## PROBLEM:
Everything from the line holding "306- മത് സ്നേഹഭവനം" to the end of the listing below should be copied exactly, line for line, minus the pictures.

**********

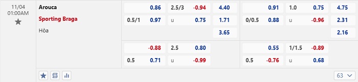 Tip kèo Châu Á hiệp 1 Arouca vs Braga
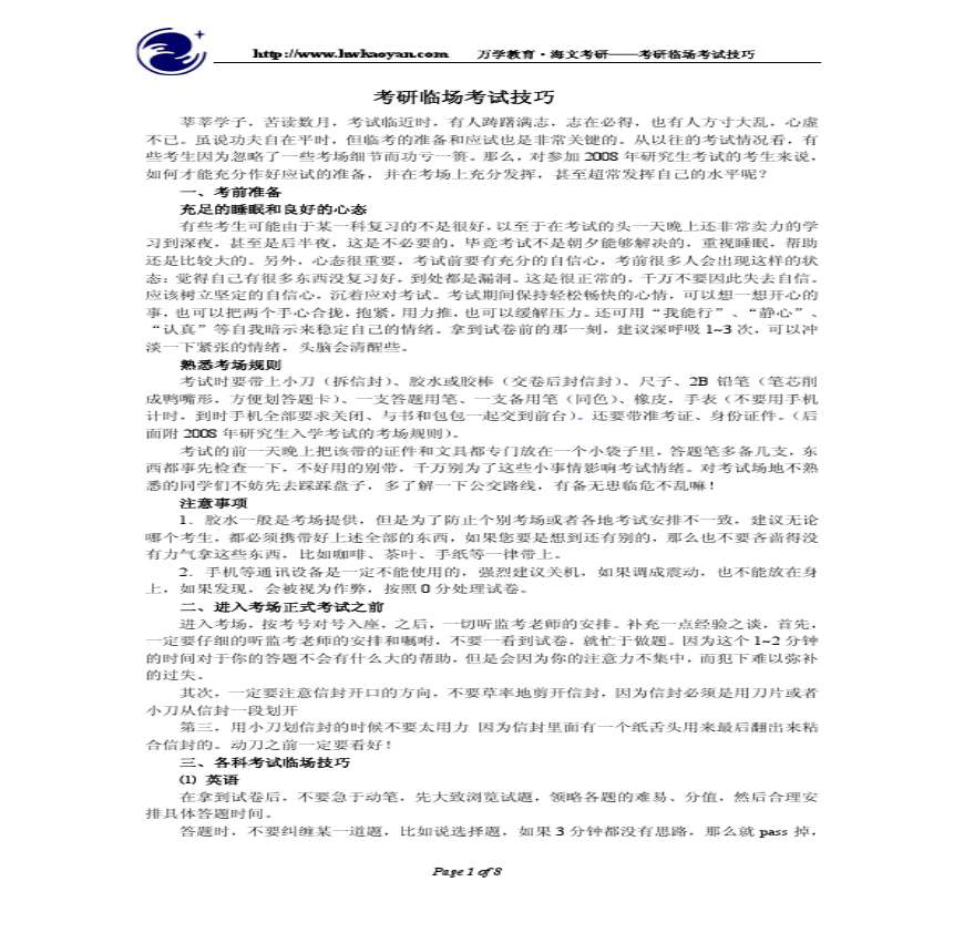 考研临场考试技巧培训资料下载,喜欢的朋友可以下载收藏!
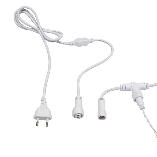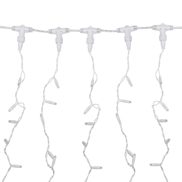 Гирлянда светодиодная «Дождь» представляет собой гибкий горизонтальный шнур-шину (2 м), к которому через определенные промежутки крепятся вертикальные нити (20 шт.) со светодиодными лампами, которые отличаются от «Бахромы» тем, что имеют одинаковую, достаточно значительную длину, часто превышающую протяженность шины. На концах каждой шины есть разъем и штепсель, которые предназначены для последовательного соединения нескольких световых «Дождей» в большой занавес «Плей-Лайт». Используя занавес, можно не только создавать красивые световые занавесы или оформлять различные плоскости, например, фасады домов, окна и т. д., но и украшать объемные объекты. Гирлянду, работающую в непрерывном свечении, называют фиксинг, а использующую режим светодинамики – чейзинг. Светодинамические эффекты становятся доступными только при подключении гирлянды к сети через специальный контроллер. Сегодня в гирляндах источником света служат светодиоды, которые пришли на смену применявшимся ранее лампам накаливания. С полупроводниковыми источниками гирлянда стала более надежной, потребляет меньше энергии, обрела более насыщенное сияние. Данная гирлянда имеет теплый белый цвет свечения светодиодов.
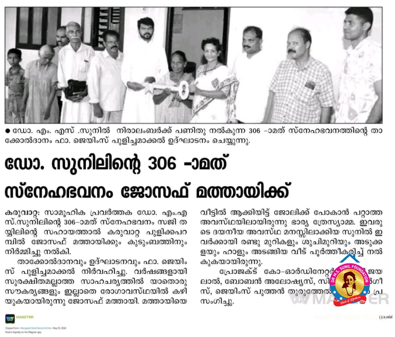 306- മത് സ്നേഹഭവനം ജോസഫ് മത്തായിക്കും കുടുംബത്തിനും നൽകി
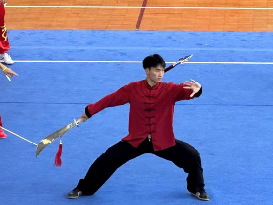 我校武術(shù)代表隊(duì)由太極武術(shù)學(xué)院、經(jīng)管學(xué)院、人文學(xué)院的8名隊(duì)員參加了本次比賽。經(jīng)過激烈拼搏,我校武術(shù)代表隊(duì)共獲得2枚金牌、3枚銀牌、3枚銅牌、第四名兩個(gè)、第五名兩個(gè)、第七名兩個(gè)及男子乙組團(tuán)體總分第二名的優(yōu)異成績(jī)。其中,我校太極武術(shù)學(xué)院趙夢(mèng)豪獲得男子乙組一類拳第一名、經(jīng)管學(xué)院楊世亮獲得男子專科甲組太極春秋大刀第一名;太極武術(shù)學(xué)院高冉豪獲得男子專科乙組初級(jí)棍第二名、太極武術(shù)學(xué)院李宗翔獲得男子專科乙組少林刀第二名、經(jīng)管學(xué)院孫宗正獲得男子專科甲組太極劍第二名;太極武術(shù)學(xué)院田俊獲得男子專科乙組劈掛拳第三名、太極武術(shù)學(xué)院李宗翔獲得男子專科乙組少林拳第三名、人文學(xué)院曹璐玥獲得男子專業(yè)甲組太極劍第三名。
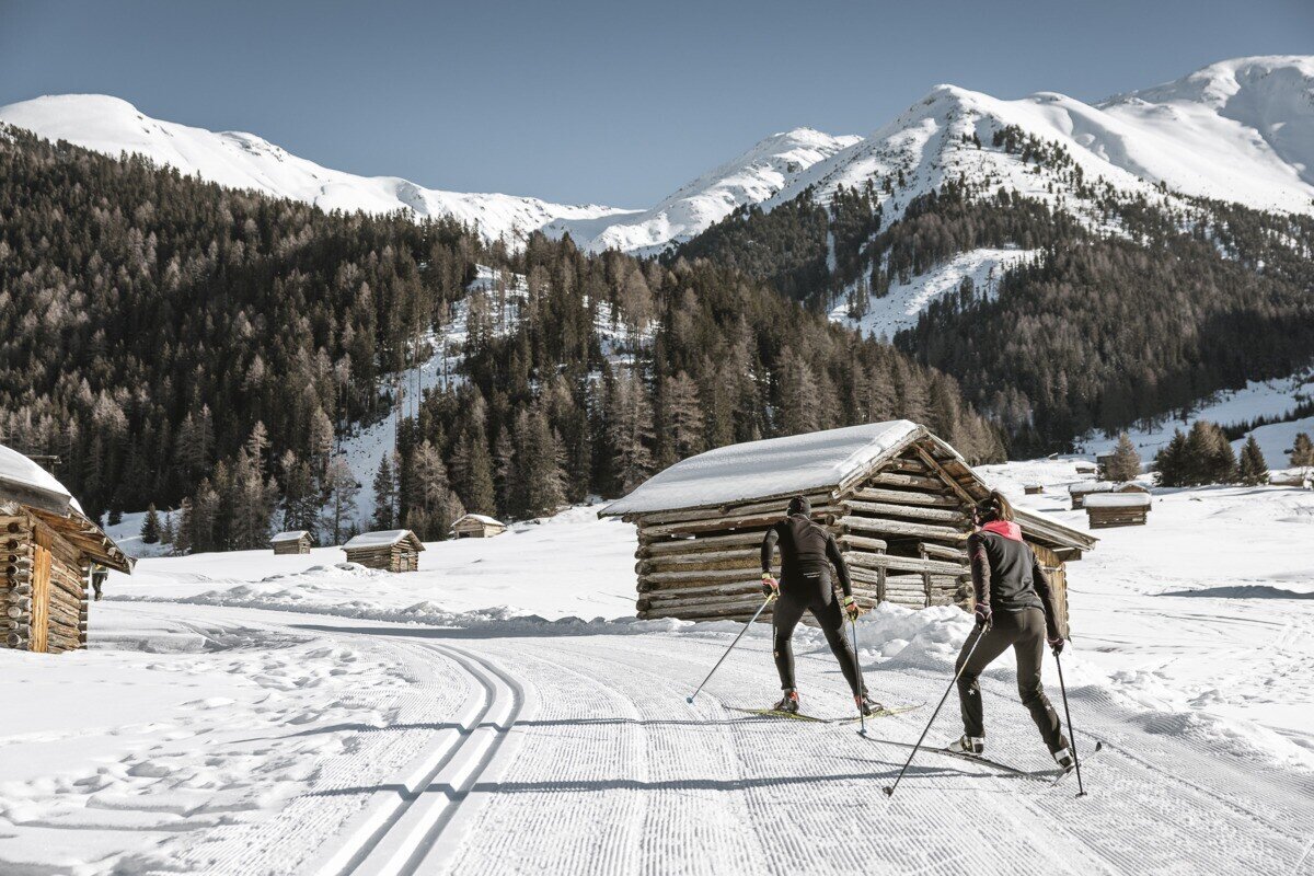 The high-altitude cross-country trail starts directly at the “Tscheylücke” parking area and runs as a circular route through the unique high valley of Tschey close to Pfunds. Along the 3 or 6 km trail, you can enjoy the crystal-clear winter air and breathtaking mountain views in a peaceful snowy landscape.

**********

## EXPECTED ANSWER:
 306- മത് സ്നേഹഭവനം ജോസഫ് മത്തായിക്കും കുടുംബത്തിനും നൽകി
 我校武術(shù)代表隊(duì)由太極武術(shù)學(xué)院、經(jīng)管學(xué)院、人文學(xué)院的8名隊(duì)員參加了本次比賽。經(jīng)過激烈拼搏,我校武術(shù)代表隊(duì)共獲得2枚金牌、3枚銀牌、3枚銅牌、第四名兩個(gè)、第五名兩個(gè)、第七名兩個(gè)及男子乙組團(tuán)體總分第二名的優(yōu)異成績(jī)。其中,我校太極武術(shù)學(xué)院趙夢(mèng)豪獲得男子乙組一類拳第一名、經(jīng)管學(xué)院楊世亮獲得男子專科甲組太極春秋大刀第一名;太極武術(shù)學(xué)院高冉豪獲得男子專科乙組初級(jí)棍第二名、太極武術(shù)學(xué)院李宗翔獲得男子專科乙組少林刀第二名、經(jīng)管學(xué)院孫宗正獲得男子專科甲組太極劍第二名;太極武術(shù)學(xué)院田俊獲得男子專科乙組劈掛拳第三名、太極武術(shù)學(xué)院李宗翔獲得男子專科乙組少林拳第三名、人文學(xué)院曹璐玥獲得男子專業(yè)甲組太極劍第三名。
 The high-altitude cross-country trail starts directly at the “Tscheylücke” parking area and runs as a circular route through the unique high valley of Tschey close to Pfunds. Along the 3 or 6 km trail, you can enjoy the crystal-clear winter air and breathtaking mountain views in a peaceful snowy landscape.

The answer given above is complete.